The answer is definitely no, let’s use the code to simulate login! ! !

1. What is a cookie?

A cookie is a set of key-value pairs stored on the client. As shown in the cookie
insert image description here
2 of QQ Zone, what is the relationship between cookies and crawlers?

Sometimes, when requesting a web page, if the cookie value is not carried during the request process, then we will not be able to request the correct data on the page.

therefore,Cookie is a common and typical anti-crawling mechanism in crawlers

3. Example of 17k novel network

Get the url address corresponding to the login (https://passport.17k.com/ck/user/login)
insert image description here

# !/usr/bin/env python
# -*- coding:utf-8 -*-
# @Author:HePengLi
# @Time:2021-03-27

import requests


# 创建一个session对象
session = requests.Session()

url1 = 'https://passport.17k.com/ck/user/login'
headers = {
    
    
    "User-Agent": "Mozilla/5.0 (Windows NT 10.0; Win64; x64) AppleWebKit/537.36 (KHTML, like Gecko) Chrome/89.0.4389.90 Safari/537.36 Edg/89.0.774.54"
}
data = {
    
    
    'loginName': '15029494474',  # 这里填写账号
    'password': 'woshinidaye'    # 这里填写密码
}
# 进行登录
res = session.post(url=url1, headers=headers, data=data)
print(res)

<Response [200]>

Returning 200 means that the simulated login is successful!

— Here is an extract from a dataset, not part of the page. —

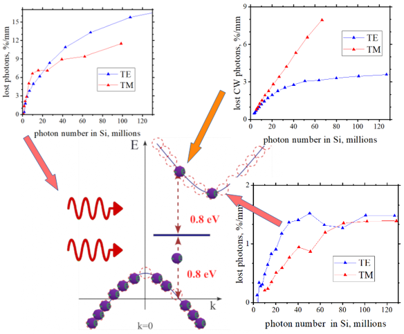 Si wire waveguidesThe two-photon absorption is a quantum process in which two photons are simultaneously absorbed, giving a valence-band electron enough energy to transition into the conduction band. This transition proceeds through a virtual state within the bandgap.page created in Dec. 2025

Next, take the basic information of the books collected in the editor’s bookshelf, as shown in the figure below,
insert image description here
because these are dynamically loaded content, so go to check in Network, select XHR, press f5 to refresh the page, find the following picture package, and copy Headers The url address
insert image description here
carefully observes that all the content of the page you want is here

import requests
import json


# 创建一个session对象
session = requests.Session()

url1 = 'https://passport.17k.com/ck/user/login'
headers = {
    
    
    "User-Agent": "Mozilla/5.0 (Windows NT 10.0; Win64; x64) AppleWebKit/537.36 (KHTML, like Gecko) Chrome/89.0.4389.90 Safari/537.36 Edg/89.0.774.54"
}
data = {
    
    
    'loginName': '15029494474',
    'password': 'woshinidaye'
}
# 进行登录
res = session.post(url=url1, headers=headers, data=data)
# print(res)

# 拿取我的书架上的书
url2 = 'https://user.17k.com/ck/author/shelf?page=1&appKey=2406394919'
resp = requests.get(url=url2, headers=headers).text
print(resp)

{
    
    "status":{
    
    "code":10103,"msg":"用户登陆信息错误"},"time":1616827996000}

An error was reported, explainWhen I go to get the content of the page, if there is no cookie, the website thinks that we are not logged in

# 拿取我的书架上的书
url2 = 'https://user.17k.com/ck/author/shelf?page=1&appKey=2406394919'
resp = session.get(url=url2, headers=headers).text
print(resp)

insert image description here
Parse the content and save it locally locally

# !/usr/bin/env python
# -*- coding:utf-8 -*-
# @Author:HePengLi
# @Time:2021-03-27

import requests
import json


# 创建一个session对象
session = requests.Session()

url1 = 'https://passport.17k.com/ck/user/login'
headers = {
    
    
    "User-Agent": "Mozilla/5.0 (Windows NT 10.0; Win64; x64) AppleWebKit/537.36 (KHTML, like Gecko) Chrome/89.0.4389.90 Safari/537.36 Edg/89.0.774.54"
}
data = {
    
    
    'loginName': '15029494474',
    'password': 'woshinidaye'
}
# 进行登录
res = session.post(url=url1, headers=headers, data=data)
# print(res)

# 拿取我的书架上的书
url2 = 'https://user.17k.com/ck/author/shelf?page=1&appKey=2406394919'
resp = session.get(url=url2, headers=headers).text
# print(resp)

# 把json字符串转换成python可交互的数据类型字典
resp_data = json.loads(resp)
data_list = resp_data['data']
# print(data_list)
f = open('./17k.txt', 'w', encoding='utf-8')
for data in data_list:
    # 书的类型
    category = data['bookCategory']['name']
    # 书名
    title = data['bookName']
    # 最近更新时间
    chapter = data['lastUpdateChapter']['name']
    # 作者
    author = data['authorPenName']
    # print(category, title, chapter, author)
    # 简单进行数据格式处理
    content = '类型:' + category + " , " + '书名:' + title + " , " + '最新更新章节:' + chapter + " , " + '作者:' + author + '\n\n'
    f.write(content)

print('over!!!')

insert image description here

Second, use the proxy IP

1. What is proxy IP?

five words, that isproxy server

2. May I ask what is the use of her?

Used to forward requests and responses

3. Why do you use him in reptiles?

If the crawler initiates a high-frequency request to a certain server in a short period of time, the server will detect this anomaly, and then temporarily block our IP address, so that we can no longer access the server during the blocked time period. Therefore, it is necessary to use the proxy IP to operate. After using the proxy IP, the corresponding IP of the server receiving the request is the proxy server, not our real client!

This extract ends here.